At first, Dutch networks started to set up relatively small-scale cannabis nurseries in the homes of members of their extended network, usually in economically weak neighborhoods (Bovenkerk and Hogewind 2003). Because the police put little effort into investigating cannabis cultivation and the penalties for those caught were lenient – often limited to a fine or community service – volunteers who wanted to earn extra money were lining up. However, the Dutch networks found managing a large number of nurseries for people who themselves had little growing experience more labor-intensive than they liked. They also attracted attention because the criminals sometimes resorted to violence, particularly if they suspected the growers of embezzling some or all of the harvest and selling it themselves to make a bigger profit.

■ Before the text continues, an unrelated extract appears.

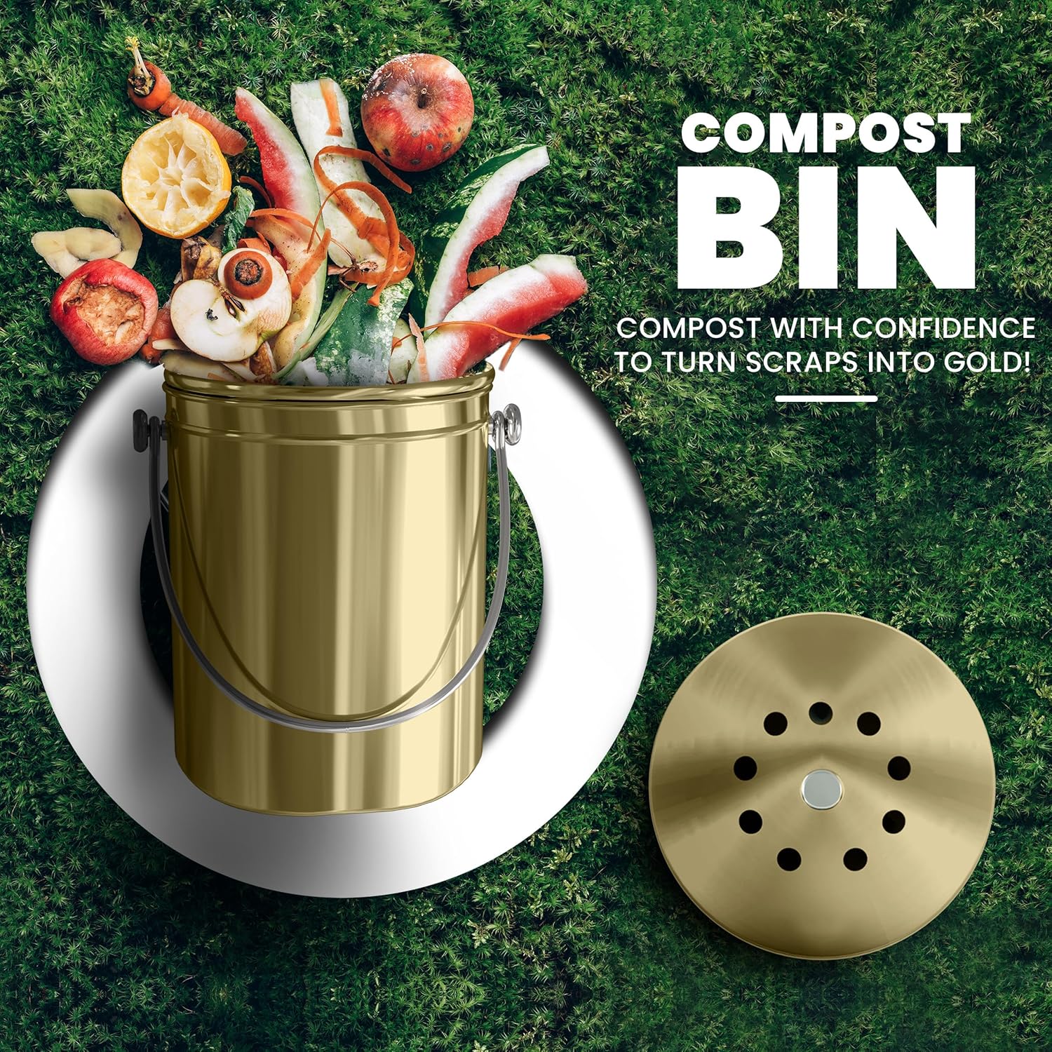 - This compost bin having capacity of 1.3 gallon is manufactured with stainless steel for optimal longevity and durability that won't scratch, crack or chip

Around the turn of the century, the Dutch networks found better solutions. On the one hand, they opened “grow shops” (Spapens et al. 2007). Here, growers could not only buy all the necessary equipment and get advice, but they could also purchase cuttings and sell the harvest. On the other hand, the professional criminals started to set up very large plantations – 5000 to 50,000 plants – themselves or, even better, gave someone with the necessary skills the equipment and had him run the plantation for them at his own risk. The production process was outsourced, and entrepreneurs could go back to focusing on trading the product. Today, they usually sell the best quality homegrown cannabis to coffee shops, whereas medium and low-grade products find their way to foreign dealers (Spapens et al. 2007).

Schengen And Its Effects

In 1995, the agreement between the Governments of the States of the Benelux Economic Union, the Federal Republic of Germany, and the French Republic on the gradual abolition of checks at their common borders, better known as the Schengen Agreement, came into effect. In 1998, the Treaty of Amsterdam further expanded the Schengen zone. The “open borders” had both visible and less-visible consequences for drug trafficking from the Netherlands to other parts of continental Europe and particularly Germany and France, because fixed customs controls at the Dutch-Belgian border had already been abolished in 1960. Things did not change with regard to the United Kingdom, but the country remained one of the important destinations for narcotic drugs from the Netherlands.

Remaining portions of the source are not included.